The constant tells us the hazard at exact age 30 is just about one per thousand, and the slope tells us that the hazard increases 8.58% per year starting at age 30 (so it doubles in just over 8 years.)
The code used to add the red line to the plot was
. predict loghf
(option xb assumed; fitted values)
(1 missing value generated)
. gen hf = exp(loghf)
(1 missing value generated)
. twoway (line hx am) (line hf am if age >=30) ///
> , yscale(log) ytitle(Hazard) xtitle(age) ///
> title("Age-Specific Mortality and Gompertz Fit") ///
> subtitle("U.S. Males 2002") ///
> legend(order(1 "observed" 2 "Gompertz") ring(0) pos(5) col(1))
. graph export usm02g.png, width(500) replace
file usm02g.png saved as PNG format
> ushf <- filter(ush, x > 30) %>% mutate(hf = exp(fitted(lf)))
> ggplot(ush, aes(x, hx)) + geom_line() + scale_y_log10() +
+ geom_line(data=ushf, aes(x, hf), color = "red")
> ggsave("usm02gr.png", width = 500/72, height = 400/72, dpi = 72)

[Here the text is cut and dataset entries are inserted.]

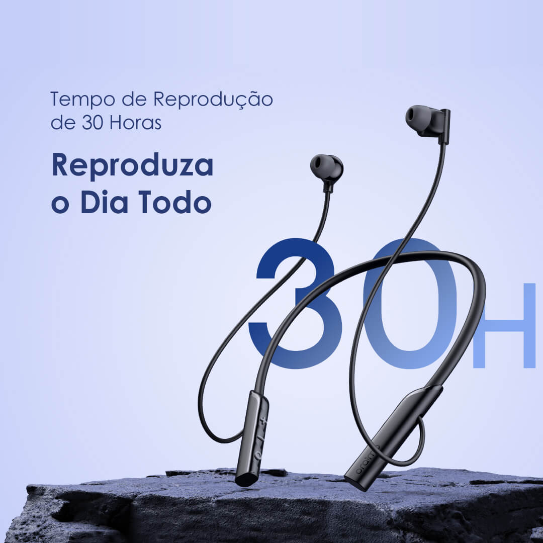 Aproveite 30 horas de reprodução de música com uma única carga. Você pode ouvir sua música favorita o dia inteiro sem preocupar-se com a bateria se esgotar.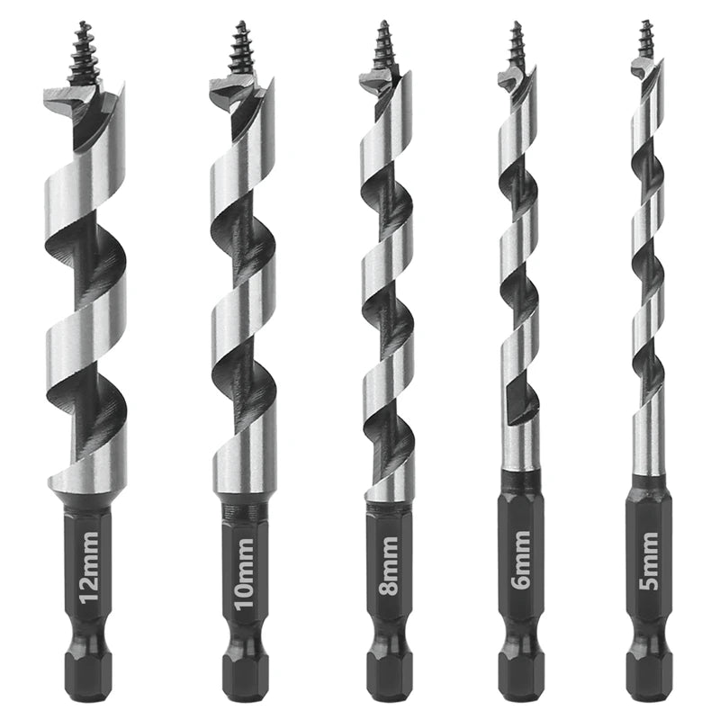 TitanBore⢠5-Piece Ship Auger Drill Bit Set ā 1/4" Hex Quick Change HCS Woodworking Power Pack (5/6/8/10/12mm)
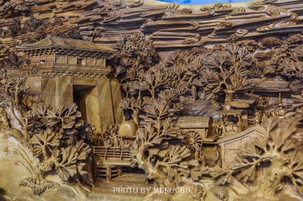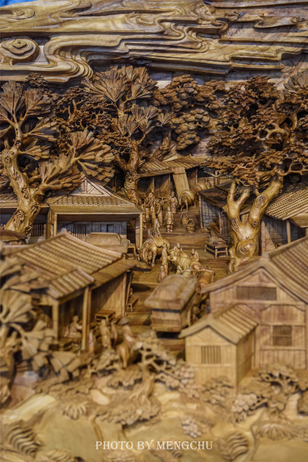 除了这些恢弘、大气、华美的木雕艺术巨作,还有一些充满了浓厚人文气息的写意木雕作品。不论是什么风格什么材质的作品,一雕一琢的方寸之间,都会给人带来惊喜,并流连忘返于其中。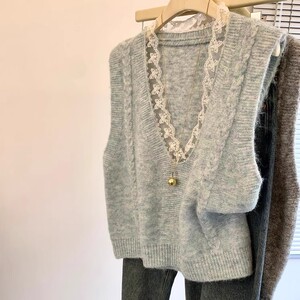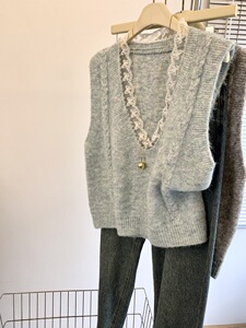 设计感蕾丝拼接针织马甲女春夏新款小个子叠穿小背心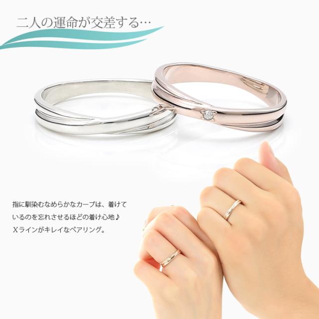ペアリング 2本セット 刻印無料 シルバー925 ピンクシルバー ダイヤモンド シンプル クロスライン Xライン おしゃれ 指輪 偶数サイズ マリッジリング 結婚指輪 Silver 925 (jlr045_054_pair)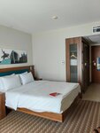 Нормальный сетевой отель. Отмечено, что он 3*, но я дала бы больше (в других регионах видела и 4* гораздо хуже). В номере чисто, номер просторный, матрас удобный, умеренной жесткости. Белье ничем не пахнет, даже моющими средствами - очень важно для меня. В номере бутылки воды и чайный набор. Все необходимое есть. На окнах шторы блэкаут (для лета самое то, если вы не фанат подъемов с рассветом). Напротив, через дорогу, куча заведений на любой кошелек. Завтраки нормальные, выбрать что-то под свой тип питания можно. Кофе не очень, но можно найти в соседних заведениях. В целом ок. От аэропорта вечером доехали быстро.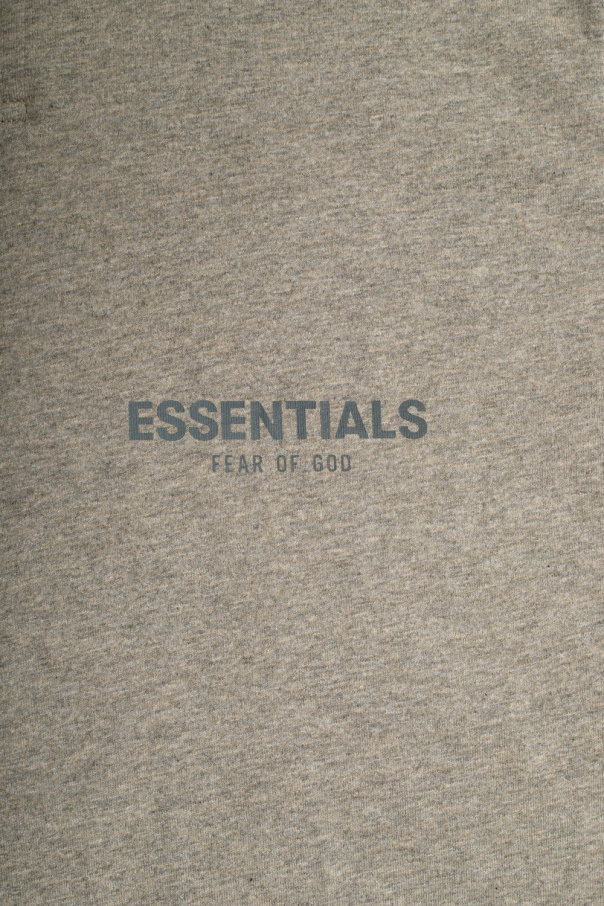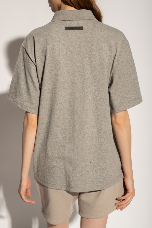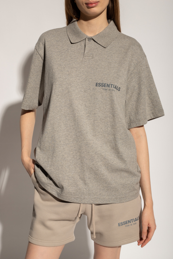 Grey polo shirt from Fear Of God Essentials. Made of cotton, this style features short sleeves, a button placket and a dark grey graphic print with the brand's logo.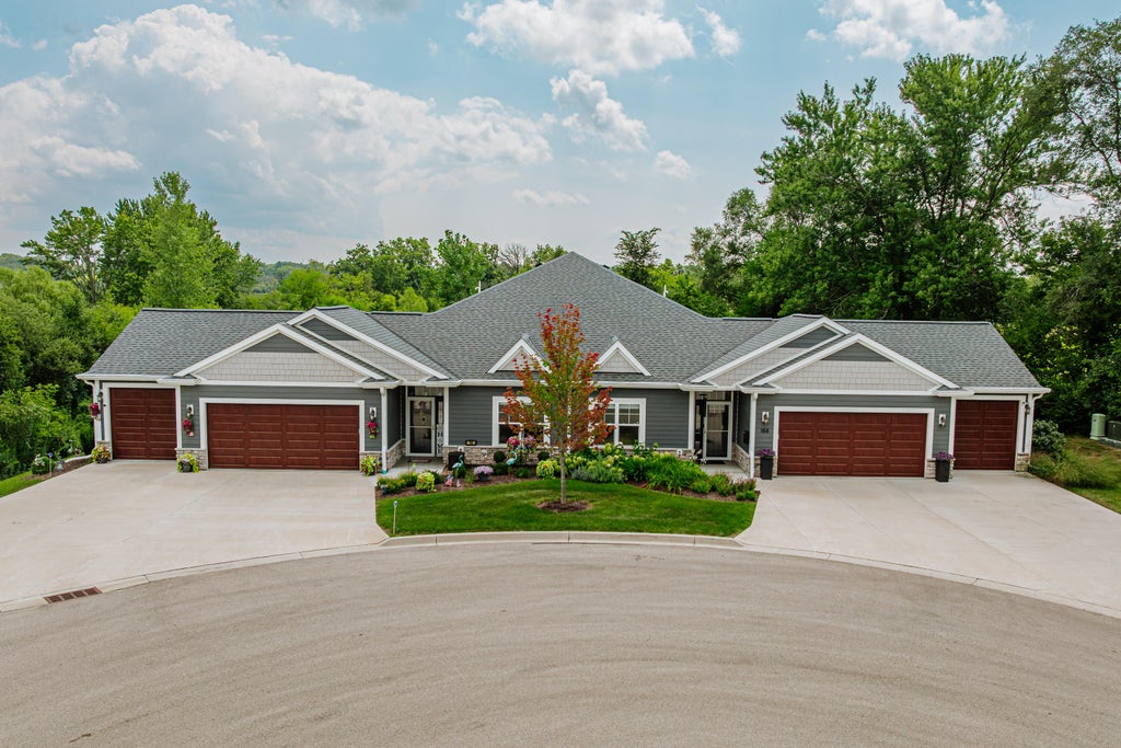 Welcome to Phantom Lakes Preserve Condos! Situated on over 21 acres.. This development has over 14 acres of protected conservancy included that abuts Phantom Lake & Mukwonago River. This 2 bedroom, 2 bath unit w/ glass shower doors is situated at the end of the cul-de-sac bordering treelined privacy in a highly desirable location w/ an extended drive for up to 7 cars & oversized 3.5 car garage. The kitchen has ample cabinet & prep space w/ stainless appliances, pendant lighting, above & below LED cabinet lighting. Dinette w/ doors to extended patio. GRM w/ gas fireplace & stone surround. The primary suite offers an oversized WIC, en-suite bath w/ double vanity, private lavatory & shower stall w/ glass doors.. Plush carpeting. Stairless floorplan. Gutter guards.

We predict the log-hazard but exponentiate to get a fitted hazard. (We usually get more meaningful labels if we let the software use a log scale.)
The datasets section has the survival function for U.S. females (the
file is called us2002f.dat). Verify that age-specific
mortality at age 30 is much lower for women than men (about half!) and
that women seem to age a bit faster than men. But are adult female
mortality rates ever higher than men’s?